• [Data]
———

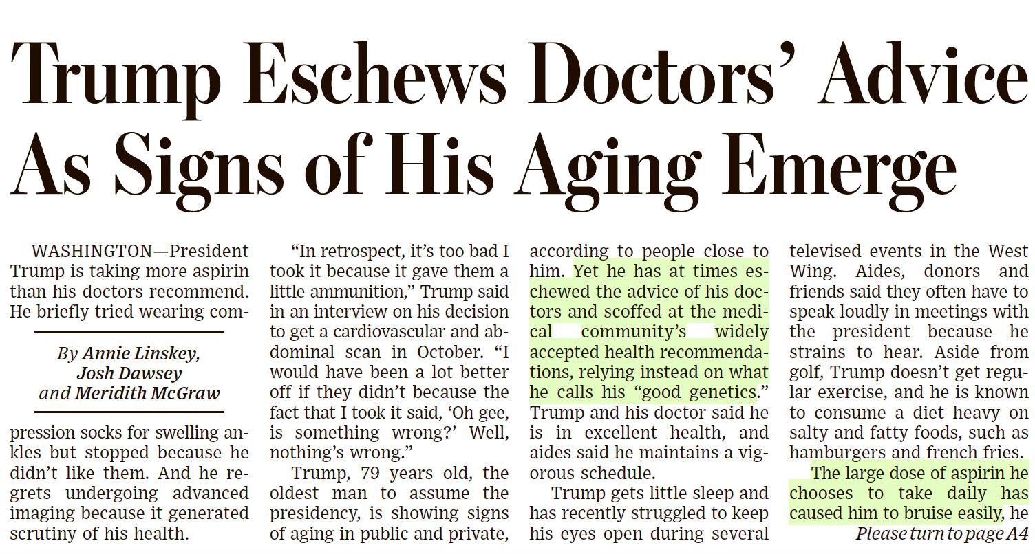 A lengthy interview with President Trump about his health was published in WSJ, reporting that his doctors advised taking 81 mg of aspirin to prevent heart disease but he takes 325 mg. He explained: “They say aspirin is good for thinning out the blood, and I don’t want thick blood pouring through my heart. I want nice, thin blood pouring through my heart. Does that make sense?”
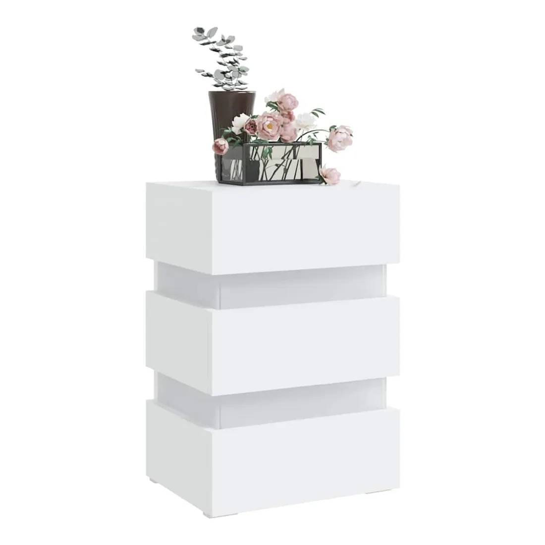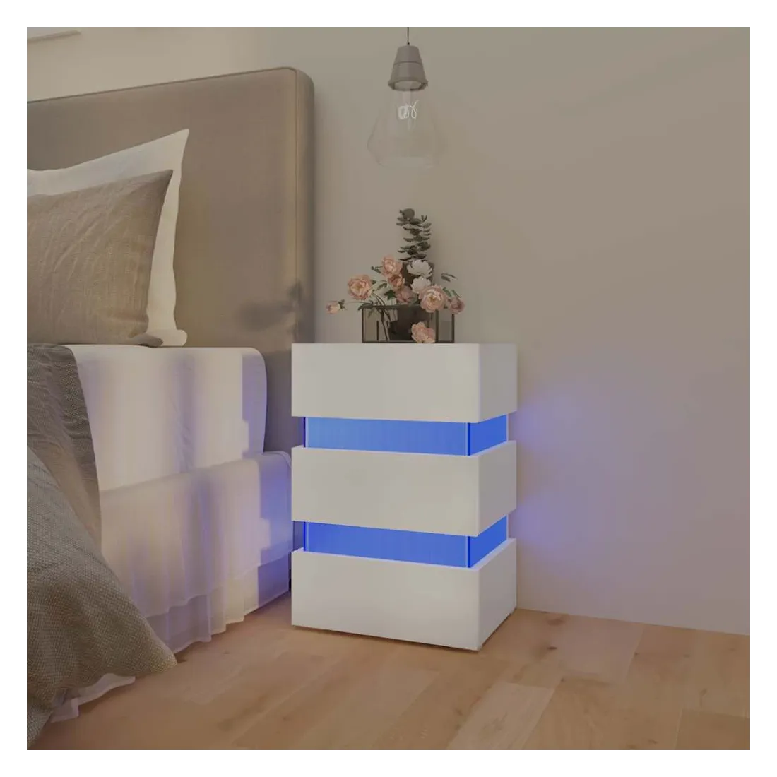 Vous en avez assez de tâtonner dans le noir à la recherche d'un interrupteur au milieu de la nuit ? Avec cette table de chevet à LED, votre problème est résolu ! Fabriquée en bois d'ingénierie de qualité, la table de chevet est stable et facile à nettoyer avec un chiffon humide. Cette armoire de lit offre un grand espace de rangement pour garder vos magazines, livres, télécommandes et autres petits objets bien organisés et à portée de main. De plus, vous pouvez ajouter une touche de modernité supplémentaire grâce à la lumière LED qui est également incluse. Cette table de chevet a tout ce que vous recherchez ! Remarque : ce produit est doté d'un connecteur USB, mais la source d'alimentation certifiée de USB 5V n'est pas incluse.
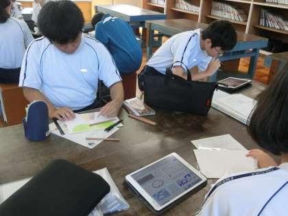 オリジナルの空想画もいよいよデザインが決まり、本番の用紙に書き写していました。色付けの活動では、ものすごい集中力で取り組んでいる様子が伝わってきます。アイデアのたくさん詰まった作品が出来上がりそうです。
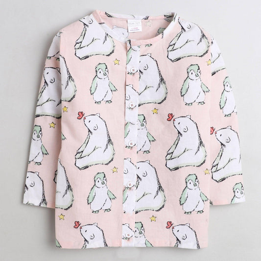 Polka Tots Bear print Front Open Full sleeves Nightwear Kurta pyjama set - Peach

———

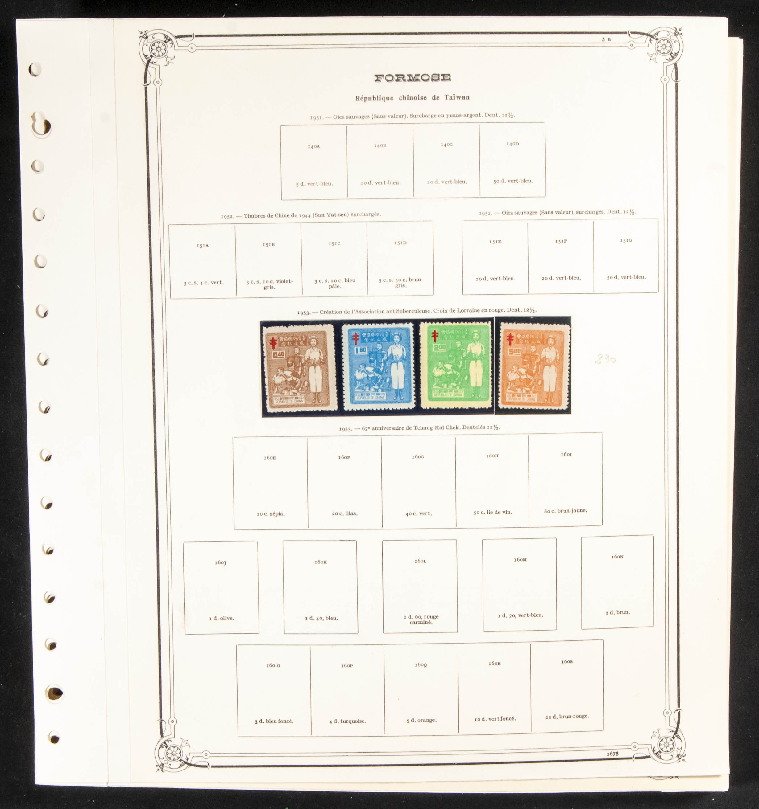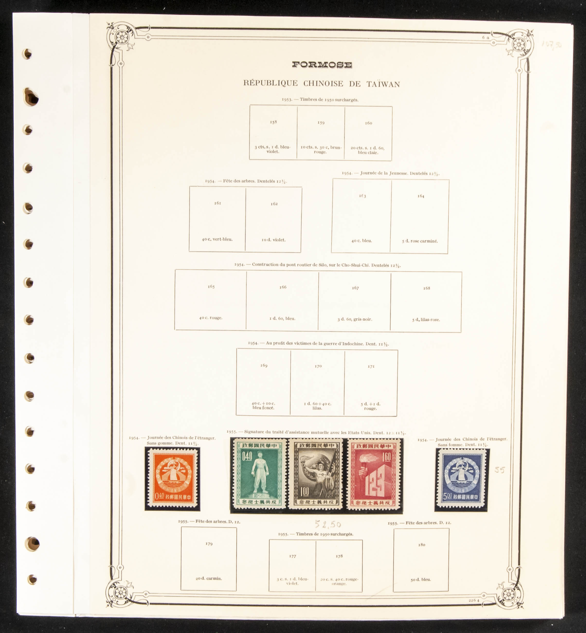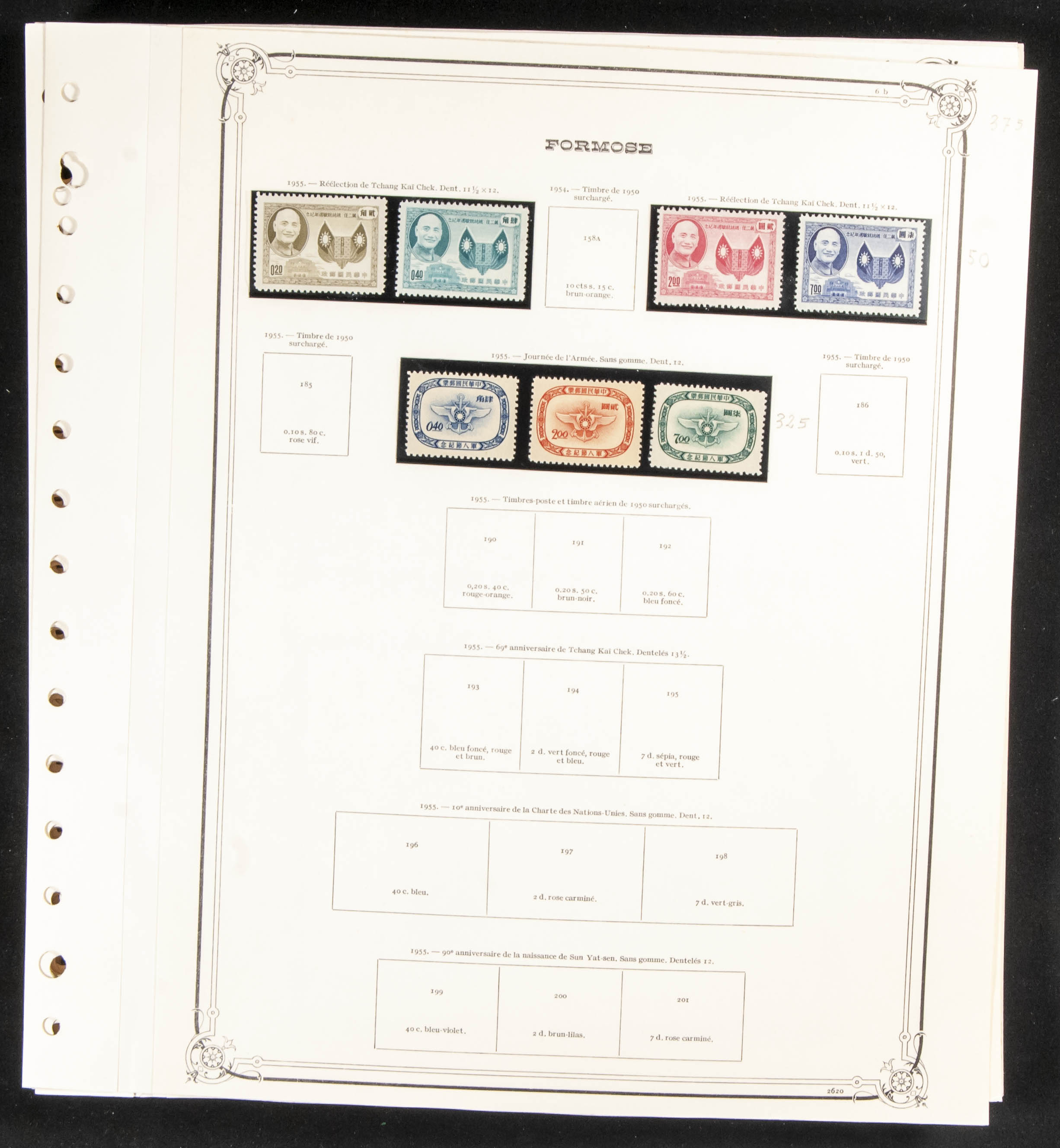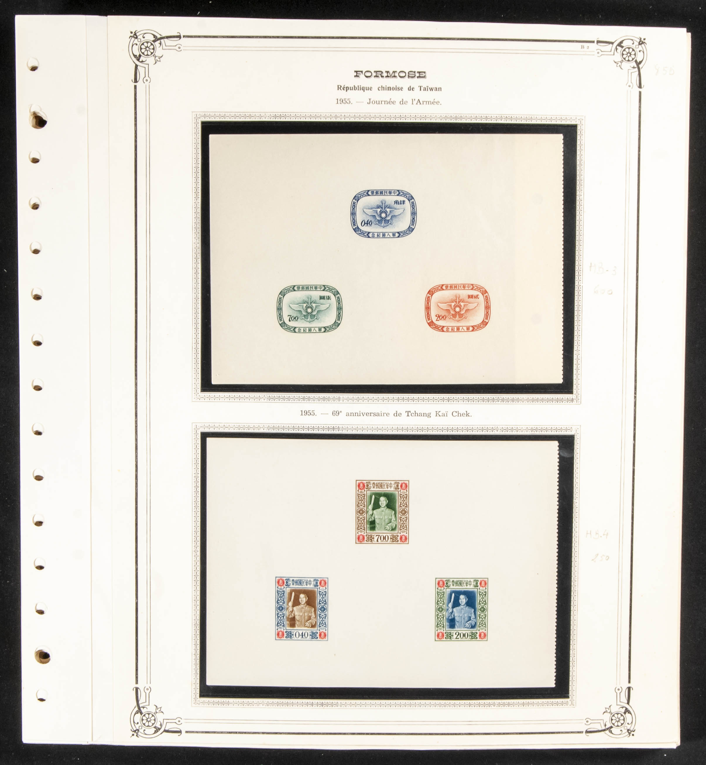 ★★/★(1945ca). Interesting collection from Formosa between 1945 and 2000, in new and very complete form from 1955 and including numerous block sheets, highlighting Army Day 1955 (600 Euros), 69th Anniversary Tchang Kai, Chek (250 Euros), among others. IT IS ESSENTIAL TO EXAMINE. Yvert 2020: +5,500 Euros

———

Pictures excluded, reproduce only the part above that opens with the line holding "オリジナルの空想画もいよいよ" and closes with the line holding "Polka Tots Bear", exactly as written.

 オリジナルの空想画もいよいよデザインが決まり、本番の用紙に書き写していました。色付けの活動では、ものすごい集中力で取り組んでいる様子が伝わってきます。アイデアのたくさん詰まった作品が出来上がりそうです。
 Polka Tots Bear print Front Open Full sleeves Nightwear Kurta pyjama set - Peach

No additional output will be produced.